An HBO comedy series created by author JONATHAN AMES ’87, called Bored to Death, was scheduled to debut Sept. 20. The show — based on a short story published in Ames’ new collection of fiction and nonfiction, The Double Life Is Twice As Good (Scribner) — features a struggling writer in Brooklyn who moonlights as a private detective.  
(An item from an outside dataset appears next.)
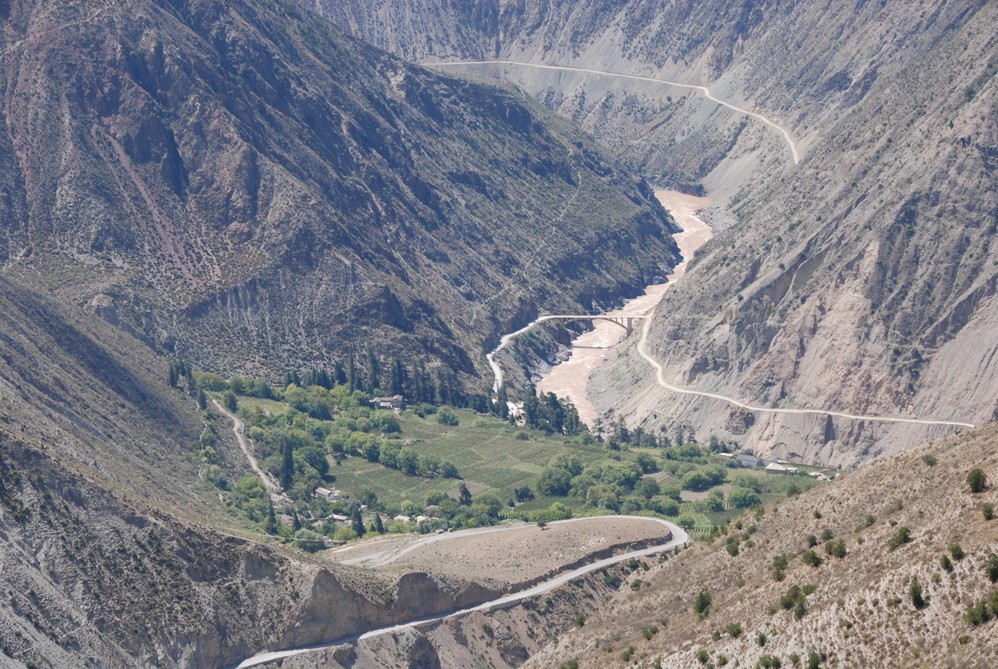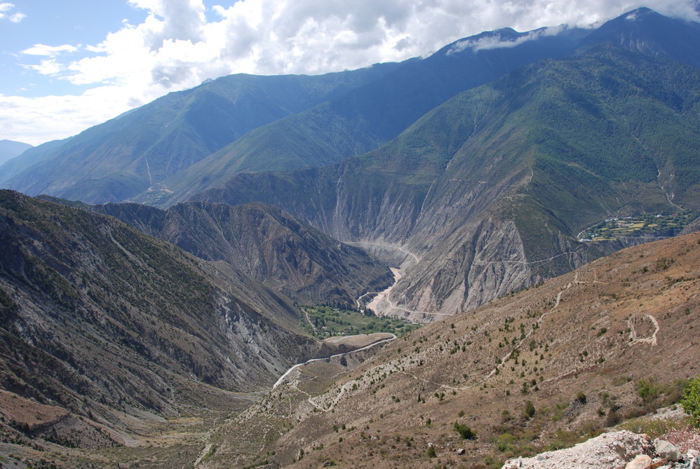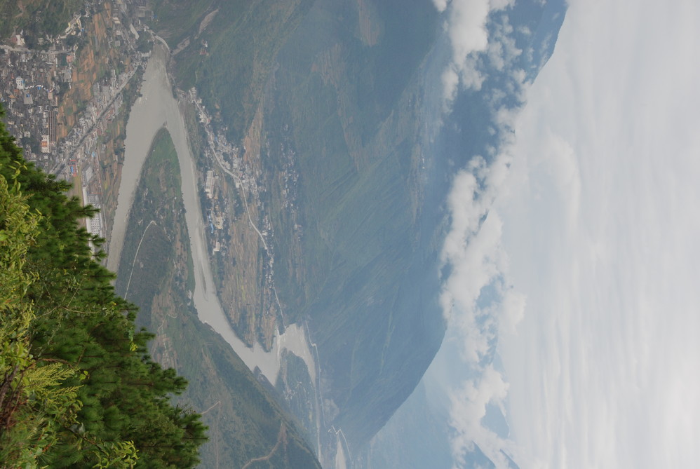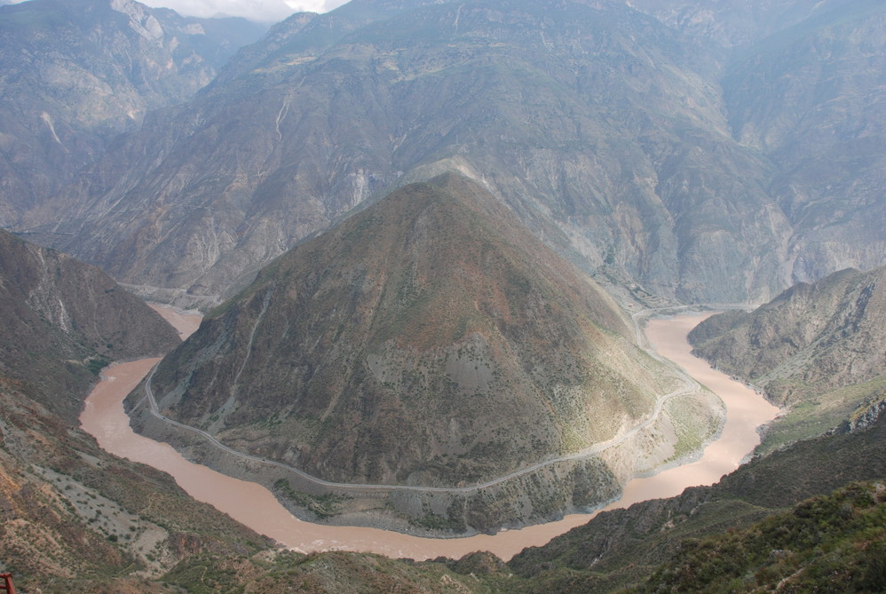告别三座圣山,一步一步远离最后的香格里拉 ,早从稻城 出发,经太阳谷 德荣,抵达茶马古道镇—奔子栏,在奔子栏观景台可以完整的看到金沙江 第一湾,金沙江 作为川滇两省的分界河,纵贯四川 得荣 县的定曲,在先后接纳纳马依河,硕曲河后,携三江 之水投入金沙江 ,江水汇合处形成“三壁夹两江”的景观,穿越峡谷的金沙江 水势更加浩荡,冲出川滇要塞之时,围绕金字塔般的日堆峰画了一个“几”字型大拐弯。

LOCOMOTIVES Princeton trustee SONIA SOTOMAYOR ’76 was sworn in as a Supreme Court justice Aug. 8, becoming the third woman and the first Hispanic to serve. She joins Samuel Alito ’72 on the bench. ... Rice Univer­sity selected Princeton professor SARAH WHITING *90 to be its dean of architecture. She will start her new job Jan. 1, 2010. ... Caltech astronomer MICHAEL BROWN ’87 and a team of colleagues were the first to track clouds over the tropical latitudes on Saturn’s moon Titan. The finding was published in the Aug. 13 issue of Nature . … Former New York Times reporter and editor SHERYL WUDUNN *88 and her husband, Times columnist Nicholas Kristof, will receive the 2009 Dayton Literary Peace Prize for Lifetime Achievement Nov. 8. ... JOSHUA DUBOIS *05, the White House’s director of faith-based and neighborhood partnerships, was tapped to lead a new initiative encouraging responsible fatherhood. … Former Woodrow Wilson School dean ANNE-MARIE SLAUGHTER ’80 was described as the “center of [Hillary] Clinton’s brain trust” in an Aug. 23 piece in The Washington Post , which said she is leading an effort to rethink foreign aid. ... RICHARD CUMMINGS ’59 ’s play Soccer Moms From Hell , about two families who rebel against their suburban lifestyles, is being revived at the New Haven Theater Company Oct. 16 and 17 in New Haven, Conn. ... BILLY ARONSON ’79 ’s satirical play The First Day of School , about parents who don’t know what to do with themselves, premieres Sept. 23 at San Francisco’s SF Playhouse and Oct. 1 at Philadelphia’s Plays and Players Theatre.